Le Sueur-Henderson Secondary School is a public school located in Le Sueur, Minnesota. The school serves both communities of Le Sueur and Henderson, Minnesota for grades 6–12. This adds up to a student body of 537 students, 234 enrolled in middle school (grades 6–8), and 303 in high school (grades 9–12).

School system

The Le Sueur-Henderson School System consists of Park Elementary School and Le Sueur-Henderson Secondary School in Le Sueur and Hilltop Elementary School in Henderson.
Each of these schools service their own division of the system from (Kindergarten-12th grade).
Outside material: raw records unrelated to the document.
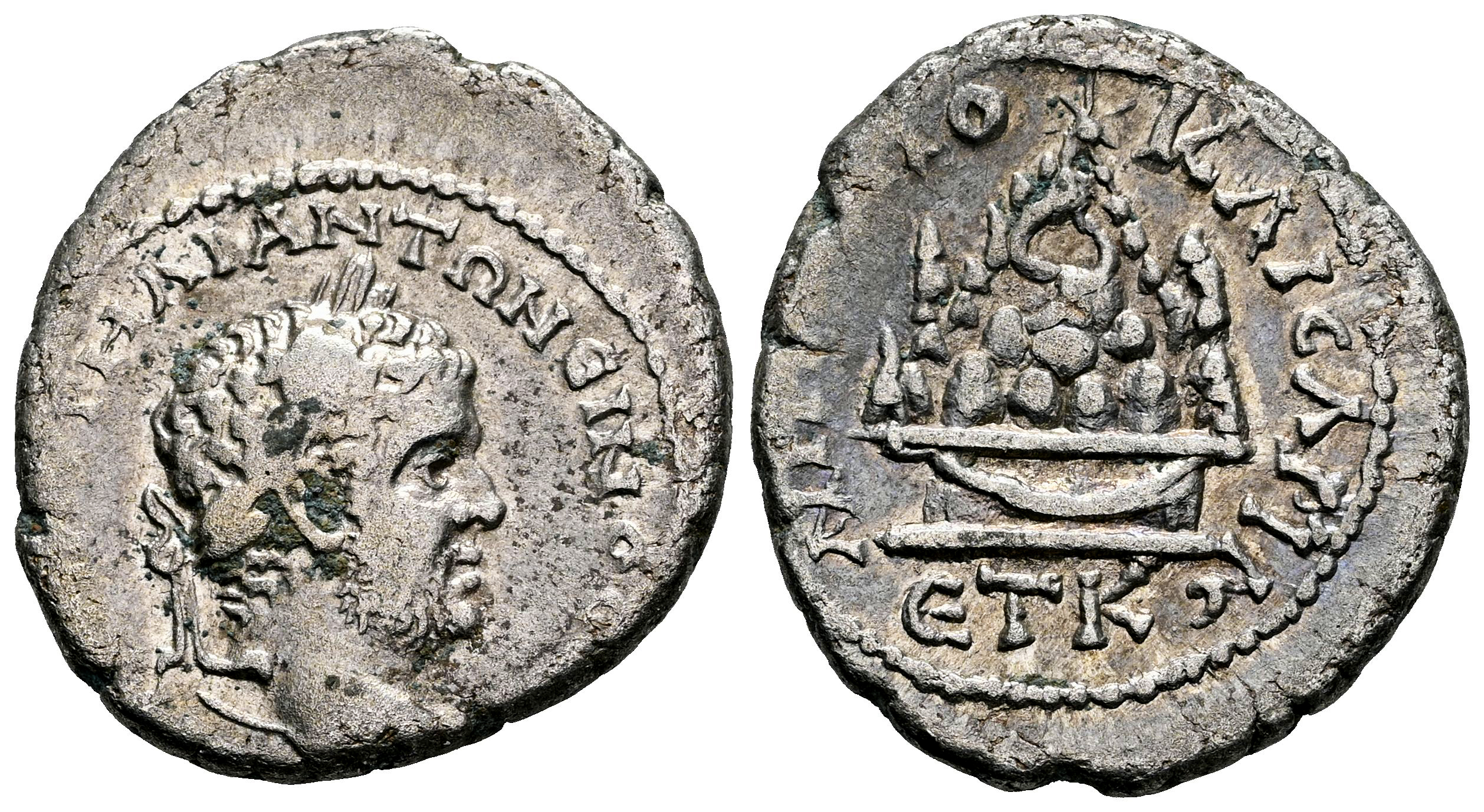 Caracalla. Didracma. Año 20 = 217 d.C. Caesarea. Cappadocia. (Bmc-270). (Tesorillo-Caracalla 39, mismo ejemplar). Anv.: (AYK M AY)PHΛI ANTΩNЄINOC (CEB Λ). Cabeza laureada y barbada a la derecha. Rev.: MH (ΓPOΠ)O KAICAPIAC. Monte Argeo colocado en un altar con guirnalda; estrella en la cima, ЄTK en exergo. Ag. 5,39 g. Ex J. Vico 133 (15/11/2012), lote 4263. Conserva la etiqueta original. MBC/MBC+. Est...120,00.
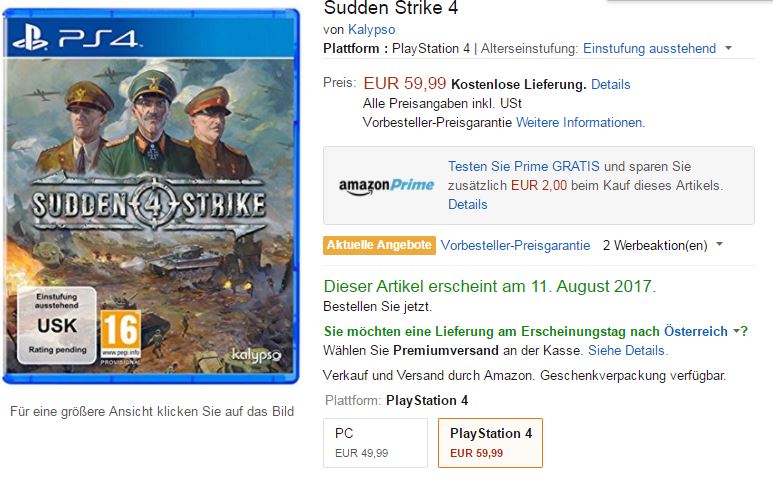 Laut der amazon Seite erscheint Sudden Strike 4 bei uns am 11.8.
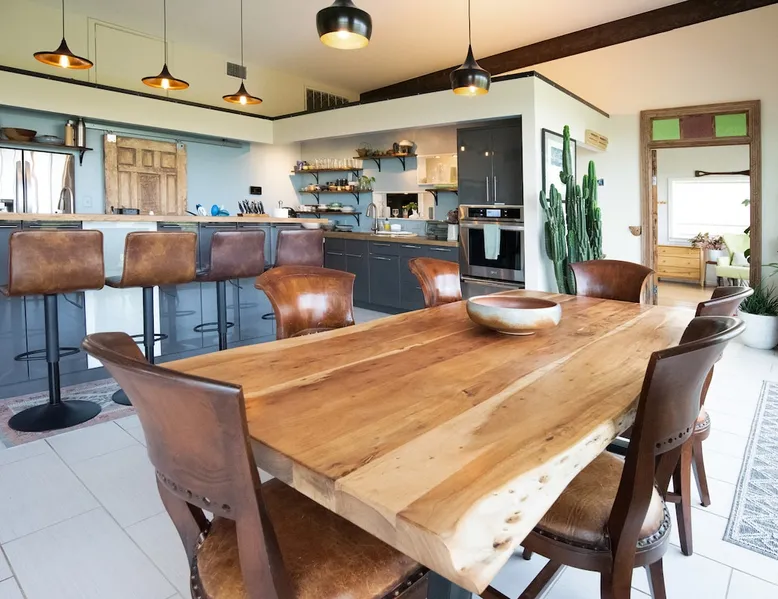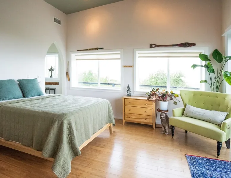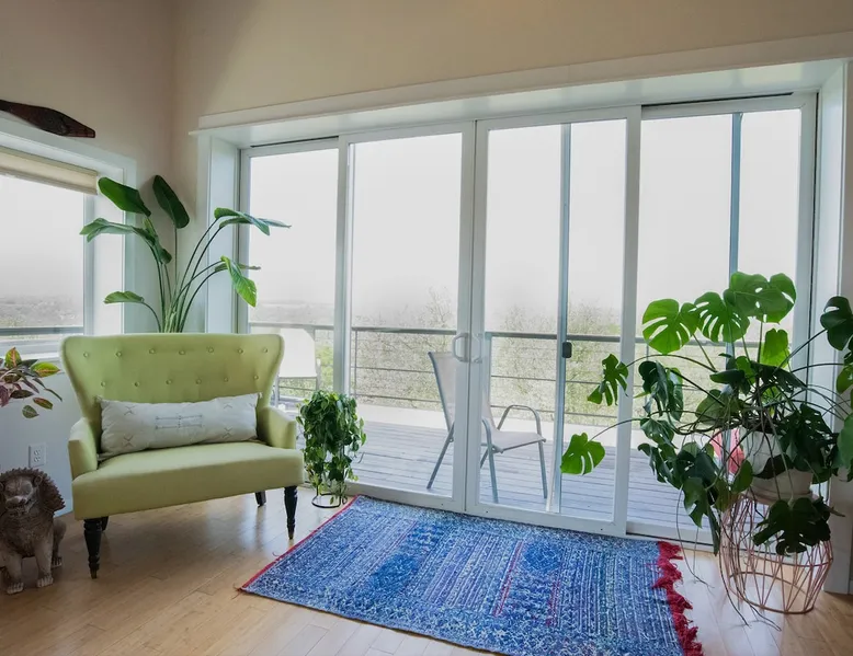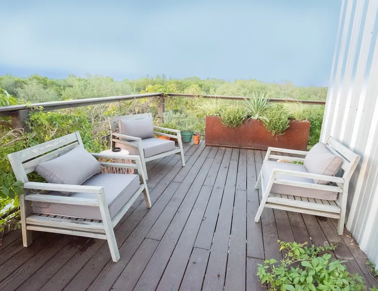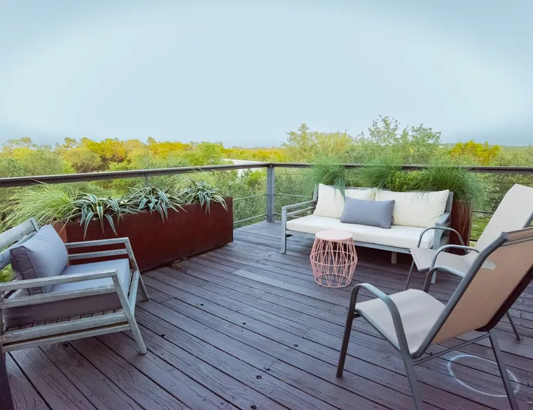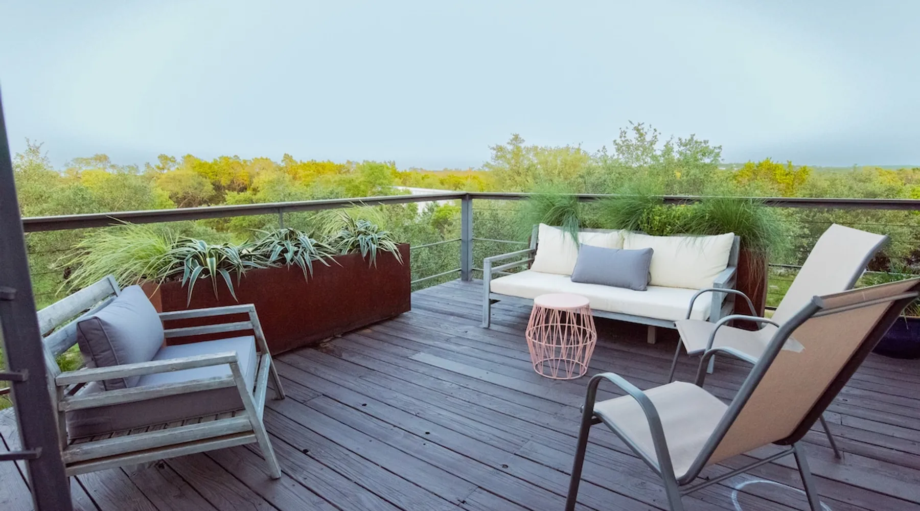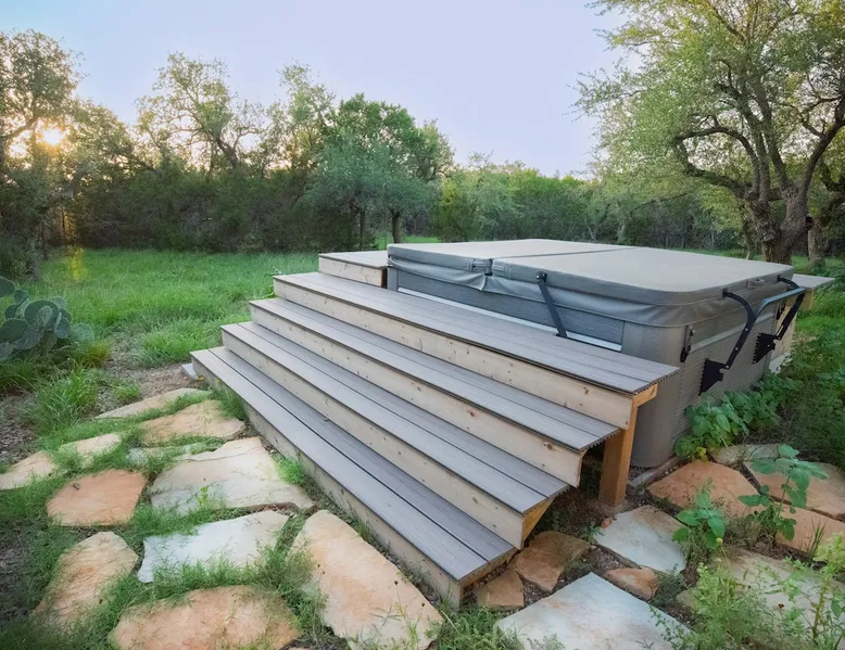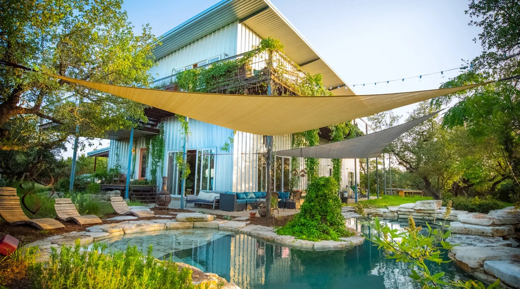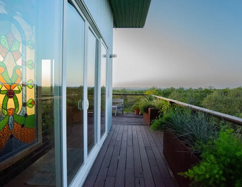Private 3-acre retreat bordering 7,000 acres of conservation land. Surrounded by gardens, sitting areas, a natural pool, and fire-pits. Enjoy 1,200+ sf of wraparound decks with panoramic views. A 30’ atrium serves as a stunning studio or sitting room. The open, airy second-floor living space is filled with natural light and blends seamlessly with the outdoors. Just 25 minutes from downtown—offering a rare mix of total privacy, natural beauty, and easy access to the city. The space Our home sits on the second floor overlooking the hill country. Watch the sunsets, listen to nature and witness the shooting stars. Our house is perfect for family and large groups. We have a great kitchen for food prep and cooking that is open to the dining and living area. We have 4 bedrooms and 3 full bathrooms upstairs, and a full bathroom with dressing area for the pool downstairs. The space downstairs in the atrium and studio is a great place to get away to paint, read, or relax by the pool. While un air-conditioned, sleeping in the atrium can be quite pleasant. Sonos sound system is avalible. Guest access 75% of the house is guest access. The other 25% is our personal storage that remains locked while we are away. Other things to note Our property is not completely fenced. It is not recommended to bring pets who tend to roam as there are predators, like coyotes and snakes that visit our area. Only small dogs who are well-trained and house broken are welcome. Pet deposit required. Our house is not equipped with an elevator. It's important to know that we do not have handicapped access to the second floor. We are open to inquires for dates not listed as available or longer stays or special events. Just ask about what you have in mind. We are on a septic tank and we collect rain water for the entire home! This means nothing but water and septic friendly tp goes down our drains and it's important to only use water that you need. So please don't let the faucet run and remember to turn off the hoses. Our pool does not have a fence around it so please no children or pets who can not swim. Swimming and Playing around the pool requires adult supervision.

Park Elementary School serves Kindergarten-3rd grade; Hilltop serves 4th–5th grade; Le Sueur-Henderson Secondary School serves 6th–12th grade.

History

The establishment that is now Le Sueur-Henderson Secondary School was founded in 1885. However before its merger, the current establishment was simply named Le Sueur Secondary School.
Henderson High School had fully existed as an independent high school until 1986 when it had merged its athletics, Henderson Tigers, with nearby Arlington-Green Isle, Sibley East Bengals. This had marked the beginning of Henderson’s loss of independence as in 1990 they had joined to form Le Sueur-Henderson School District and finally, in 1992, Henderson High School closed and consolidated with Le Sueur Secondary School forming the current Le Sueur-Henderson Secondary School.